She Fails To Cry Your Name
I can hear, from the distance, Beth Orton’s (wonderful) “She Cries Your Name” and I’m reminded of that time in my life, when the single came out in the middle of all the other whirlwind and wonder that was happening. It was the final year of my bachelors degree in art school, and despite that theoretically being the year when I should’ve buckled down and started working my ass off, the opposite happened; the idea of “free study” (In other words, you manage your own time as opposed to being given set projects, with the understanding that you’ll do so responsibly and have a strong body of work to show at the end of the year) somehow translating in my head into the potential to just do whatever seemed like a good idea at the time. Including, at one point, going to London for a week with my best friend, and staying at his brother’s apartment.
There was, I think, some rationale at the time as to why this was a good idea. I can’t remember what it was, which is always a sign that it wasn’t the real reason why we’d gone down there, and to be honest, all I really remember about the trip was going to the Good Mixer (or some Camden pub, but I’m pretty sure it was the Mixer, famed at that point as the birthplace of Britpop), doing lots of sketches and taking lots of photographs, lazily lying around the apartment, and the way that the best friend’s brother’s girlfriend couldn’t pronounce my name. Oh, and being on a tube train across from Beth Orton.
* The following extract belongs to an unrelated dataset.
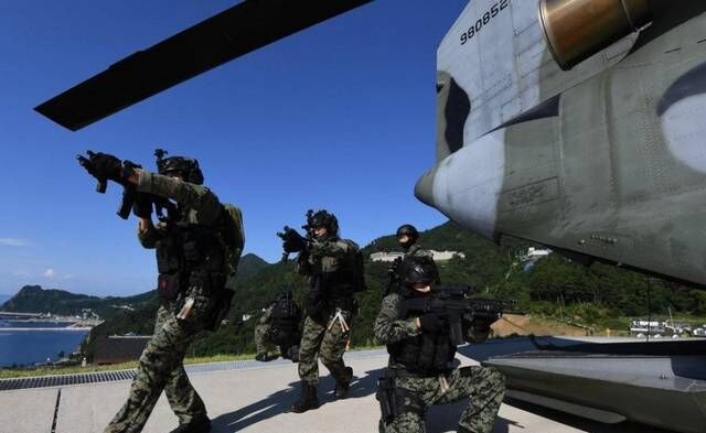 不过,没有战争并不代表着不会出现一些“必要”的军事行动。就在本月的25日,伴随着黑鹰直升机的喧闹声,韩方海军特战队现身独岛地界,并且完全是采取战术形态进行行动,宛如战斗即将开始一样。当然,其实这次的韩方海军特战队降临独岛,并不是一次“具有针对性”的军事行动,而是“惯例”,即进行独岛的防御军事演习。不过,这次的军事演习,却和往年的演习“稍微”有一些不同。

The worst part about that last bit was that I didn’t realize it was Beth Orton in time. I spent most of the time looking at her, knowing that she was familiar for some reason, but not remembering where I knew her from. I remember her expression as she realized what I was doing, going from confusion to bemusement to being kind of pissed off (This was before her first solo album had come out, and she wasn’t really famous as such; I’d actually met her before, outside of a Red Snapper gig when she was singing with them, but it was one of those embarrassing “Oh you’re really cute I can’t talk to you oh what is that language I’m supposed to know oh yeah English” moments that I’d rather not remember, and was glad that she clearly didn’t). By the time I did remember who she was, she was getting off the train. I remember thinking at the time that it was a missed opportunity, but also being relieved.
Months later, her album came out and was kind of shit. I felt slightly better about not remember who she was earlier, then.